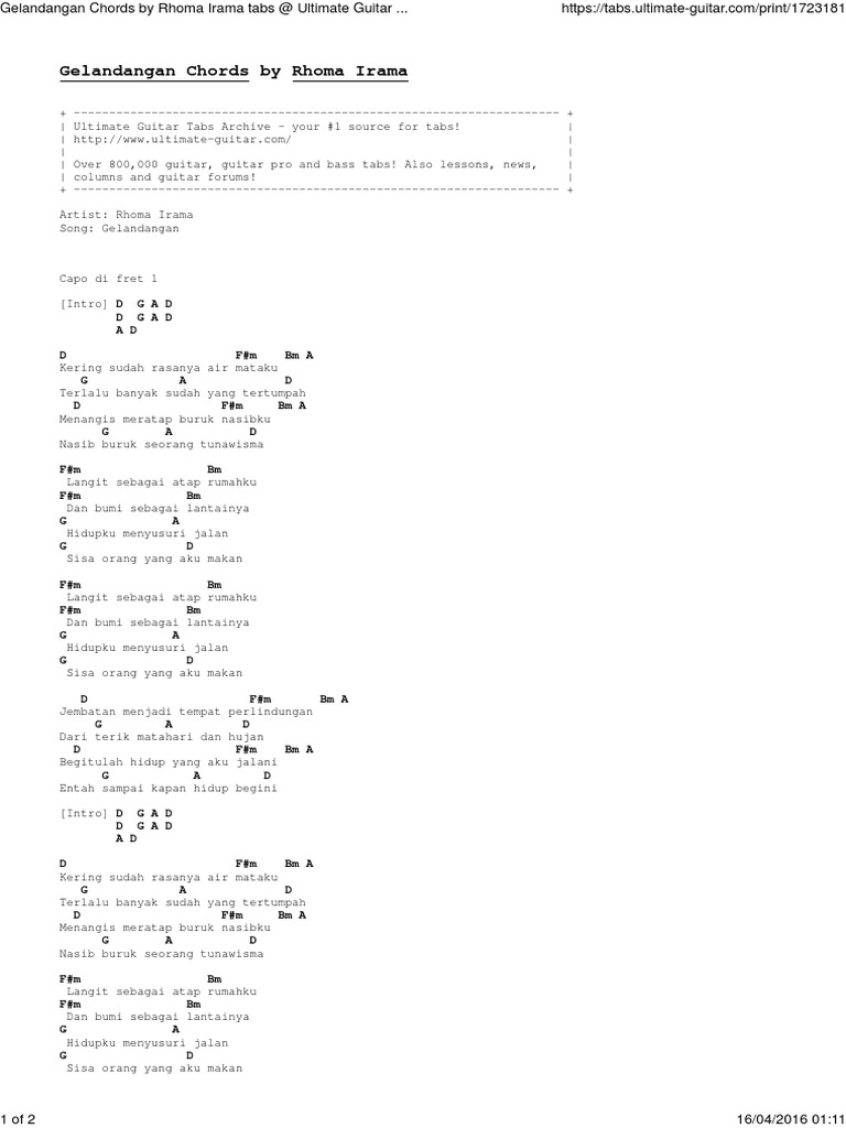 Gelandangan Chords By Rhoma Irama Tabs @ Ultimate Guitar Archive …
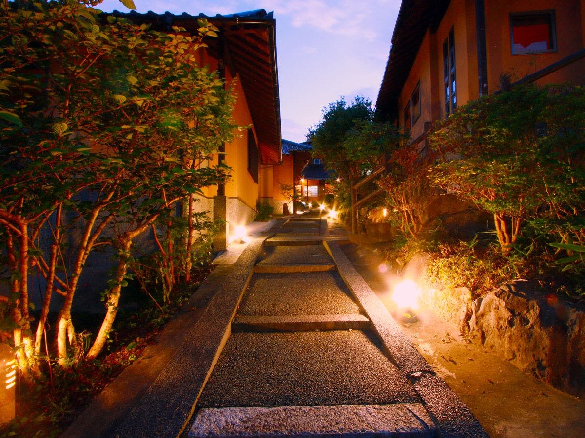 별채 8동. 모든 객실에는 노천탕과 실내탕이 완비되어 있습니다. 별채 객실만의 고요함 속에서 마음껏 힐링의 시간을 만끽해 보세요. 유노히라의 풍부한 자연과 어우러져 조용히 자리 잡은 안락한 공간은 여유와 고요함으로 호화로운 시간을 연출합니다.
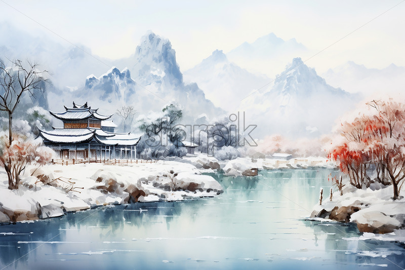 A winter landscape from ancient China, watercolor
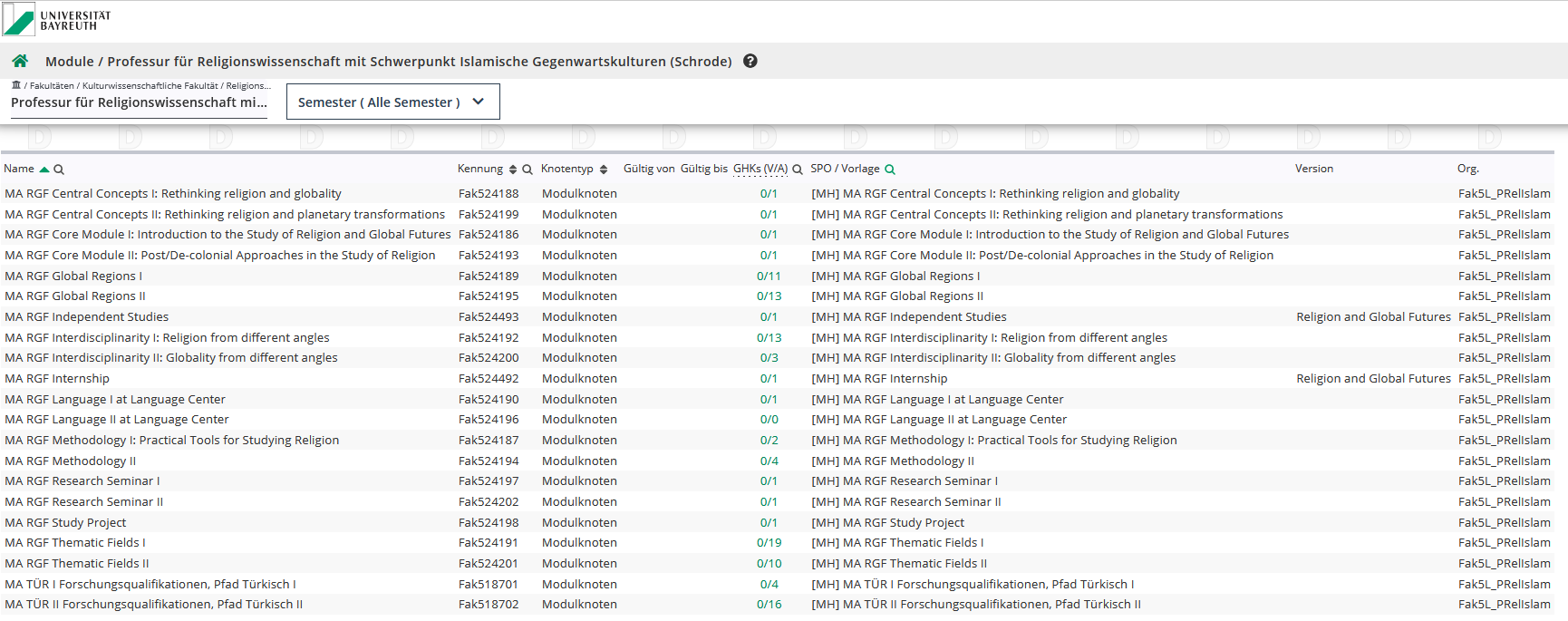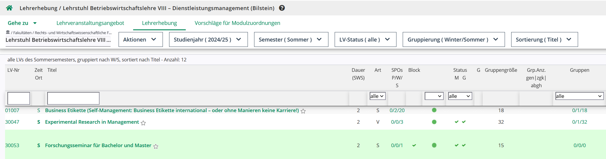 Um zu sehen, mit welchen Modulen eine Lehrveranstaltung verknüpft ist, können Sie in der Lehrerhebung (oder im Lehrangebot) in der Spalte SPOs P/W/S nachsehen.

**WHAT IS BEING ASKED**:
Quote the material in full and exactly; do not carry over its pictures.

**WORKED SOLUTION**:
 Gelandangan Chords By Rhoma Irama Tabs @ Ultimate Guitar Archive …
 별채 8동. 모든 객실에는 노천탕과 실내탕이 완비되어 있습니다. 별채 객실만의 고요함 속에서 마음껏 힐링의 시간을 만끽해 보세요. 유노히라의 풍부한 자연과 어우러져 조용히 자리 잡은 안락한 공간은 여유와 고요함으로 호화로운 시간을 연출합니다.
 A winter landscape from ancient China, watercolor
 Um zu sehen, mit welchen Modulen eine Lehrveranstaltung verknüpft ist, können Sie in der Lehrerhebung (oder im Lehrangebot) in der Spalte SPOs P/W/S nachsehen.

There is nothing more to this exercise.